A theatrical newspaper was lying on the table. It contained an account of a piece played the evening before. The writer spoke of the play as a masterpiece, and of the performance as being one of those triumphs which form an epoch in the history of dramatic art. I read this panegyric with avidity, and exclaimed,—

"Oh, what a glorious thing success is! How happy that author must be!"

"He!" replied Monsieur Sandeau, smiling; "he is mortified to death; his play is execrable, and it fell flat."

"You must be mistaken!"

"I was present at the performance; and I have no reason to be pleased at the miscarriage of the piece, for I am neither an enemy nor an intimate friend of the author."

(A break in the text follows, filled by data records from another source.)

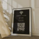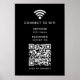 This sleek black poster print sign provides a clean and modern way for customers or guests to access your wifi network instantly. The design features a central QR code area that can be linked to your wifi details so users can scan to connect without typing a password. Enter your network name and any custom instructions that fit your need. The minimalist layout keeps everything readable which works well for cafes, salons, studios, offices, rental properties, pop ups or event venues. Because the template is fully editable, it adapts easily to branding updates or new wifi information. A practical and polished solution that helps streamline customer access and elevates your in person experience.
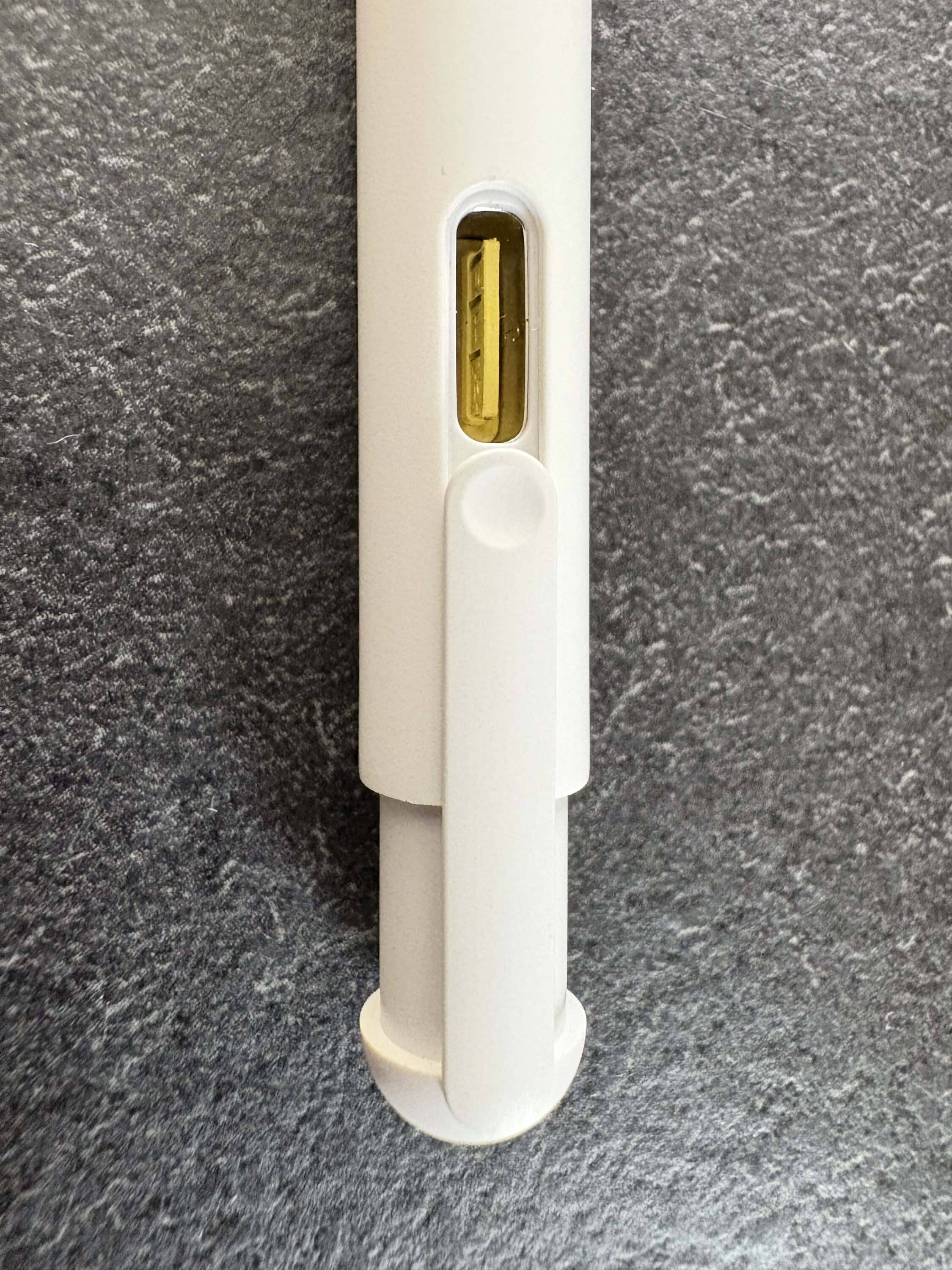 Das Design des PS4 ist auf den ersten Blick minimalistisch und elegant. Mit seinem schlichten Weiß und der matten Oberfläche liegt er angenehm in der Hand und erinnert in seinem Look & Feel ganz klar an Apples hauseigenen Stylus. Besonders praktisch ist der versteckte USB-C-Ladeanschluss, der durch eine integrierte Staubschutzkappe geschützt ist. Um an den USB-Port zu gelangen, müsst ihr einfach nur die Abdeckung zur Seite schieben.
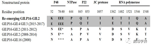 圖4. GII.P16-GII.2 諾如病毒非結(jié)構(gòu)蛋白突變序列分析
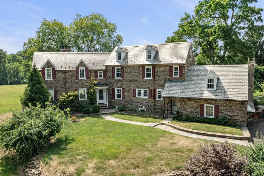 Welcome to Creeks Bend Farm, a private bucolic oasis. The long private driveway leads to a charming bridge over the Park Creek and on to a charming custom-built stone home. A gracious foyer opens to a spacious living room with beamed 10' high ceilings, stone fireplace, and deep window sills and a lovely Dining Room. The country kitchen leads to flagstone breakfast room with magnificent views of the fields. The family room again has surprisingly high ceilings and a fireplace. A main floor in-law suite with living room, bedroom, and full bath complete the main level. A stone patio and porch add to the entertaining space. The elegant main stair leads to a spacious en suite bedroom with renovated bath and three other comfortable, charming bedrooms, a renovated bath, and a finished attic space. A second convenient stair leads down to the kitchen. The pool area includes plenty of private lounging space and a casita. Other outbuildings include a 3-car oversized garage and 5-stall horse barn and tack room. Historically the property has been home to horses with easy pasture land as well as many a family celebration and community events. Explore the natural beauty of the quiet creek, fields, and woods. Sellers have explored subdivision possibilities and possess engineering plan for an eight lot subdivision. Easy access to Rt 309, 34 minutes to Philadelphia.
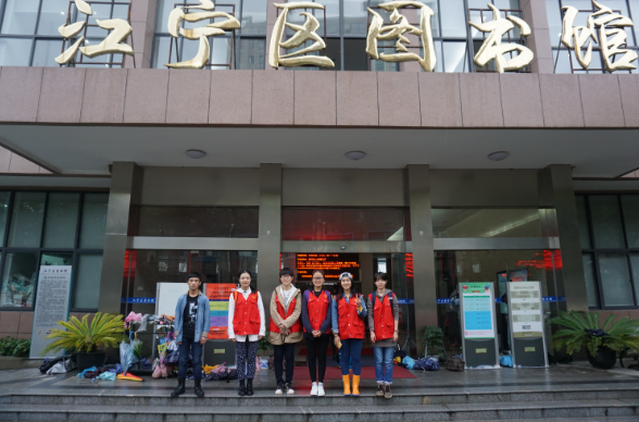雨淅淅沥沥地下着,但正所谓心晴,雨亦晴,公司七位同学仍热情不减,早早等在公交站前准备前往江宁图书馆开展本次志愿服务活动。
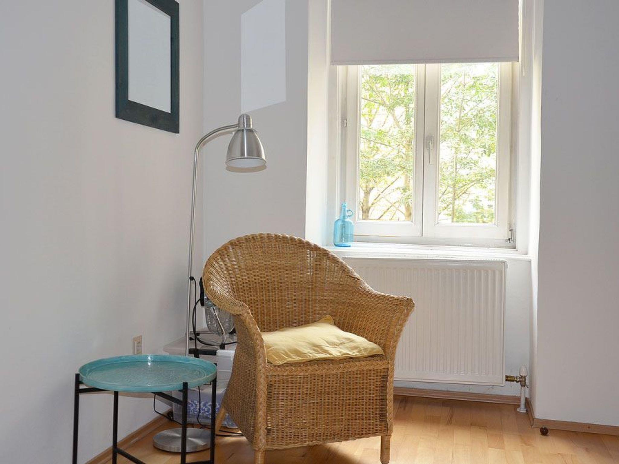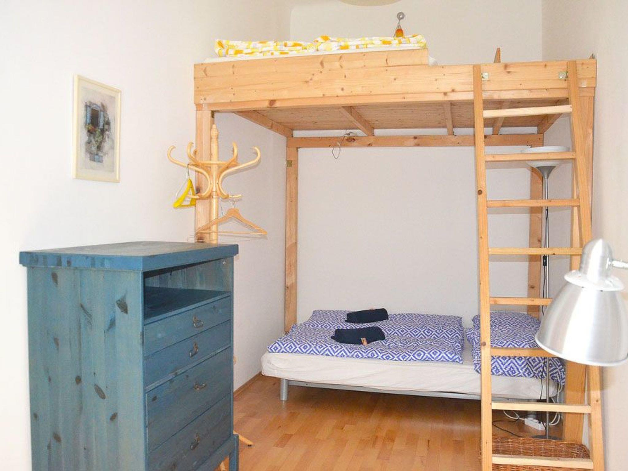 Inside, a lovingly furnished flat awaits you, consisting of a fully equipped kitchen, two separate bedrooms for your privacy, a cosy living room and bedroom and a bathroom with washbasin and shower. Characteristic of old Viennese town houses, you will find the WC in a separate room. The bedrooms are tastefully furnished: The large bedroom offers a double bed with a width of 1.80 m, while the smaller room not only has a sofa bed with a width of 1.40 m, but also a bunk bed for two people with a 1.60 m wide mattress, ideal for enjoying the courtyard view in peace.
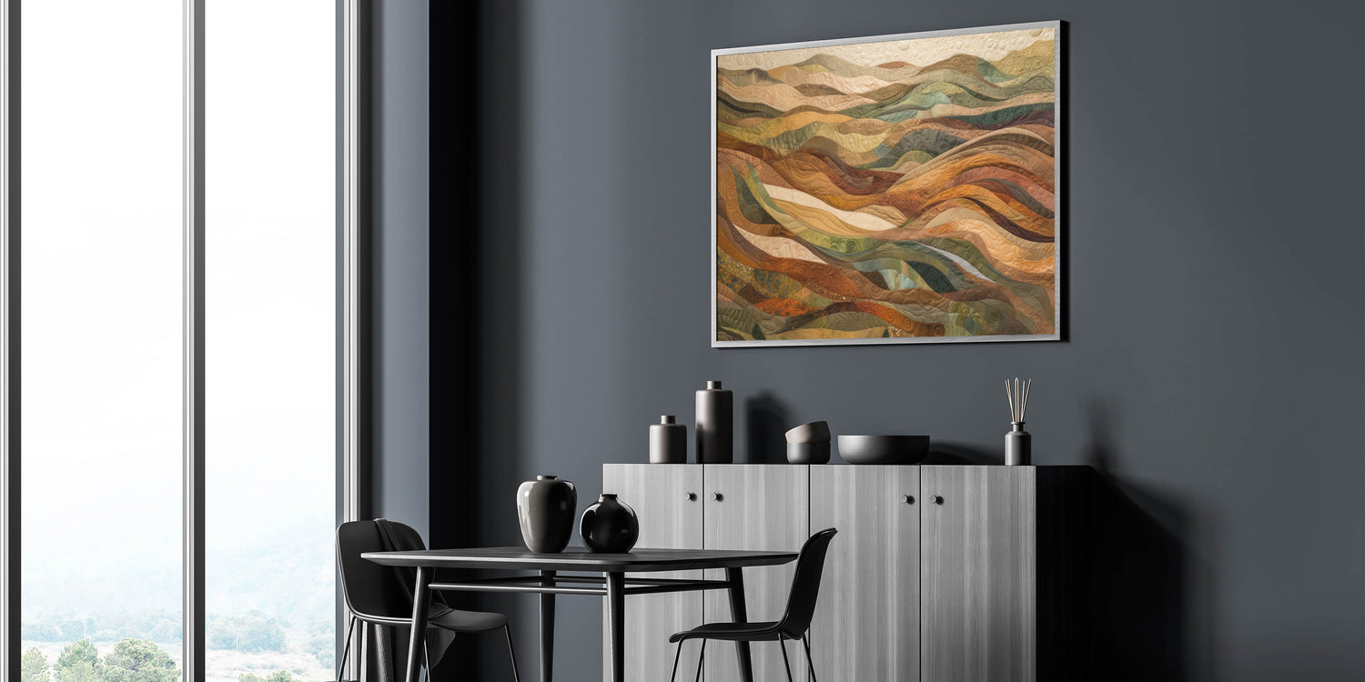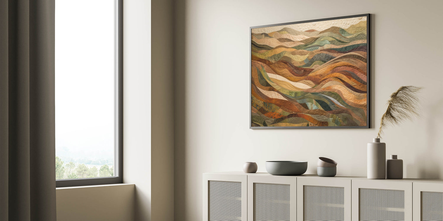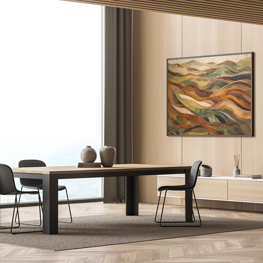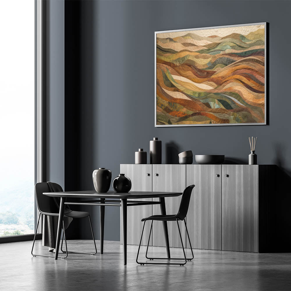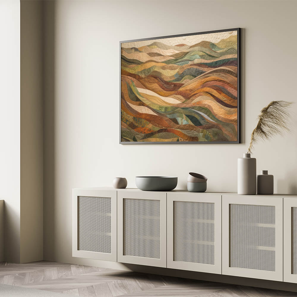 Transform your space with the serene beauty of this abstract fall landscape wall art. The flowing hills, rendered in quilted textures and earthy tones, capture the essence of the autumn season. Shades of brown, beige, olive green, and muted orange create a harmonious palette that brings warmth and tranquility to any room. This unique design offers a blend of modern abstraction and rustic charm, perfect for those who appreciate nature-inspired art.
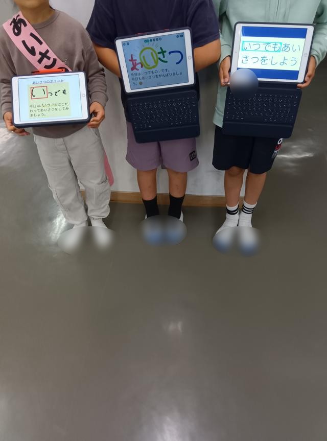 今週の「あいさつし隊」は4年1組です。先日、教室に行ったときに作戦会議をしていました。校内のいろいろなところに立って挨拶を展開しているようです。みんなタブレット端末を持っていて、挨拶のポイントが示されています。今日のポイントは、

Monsieur Jules Sandeau then went on to explain to me how the theatrical newspapers, which contain the lists of performers and of pieces in all the theatres of Paris, (play-bills being unknown,) enter into a contract, which is the condition precedent of their sale in the theatres, stipulating that they will never speak otherwise than in praise of the pieces brought out. The report of the new piece is often written and set up before the performance takes place.

I blushed and said,—

"That is deplorable! But, thank Heaven! these are only the Grub-Street writers, the mere penny-a-liners; the influential reporters of the great morning papers, fortunately, are animated by a love of truth and justice."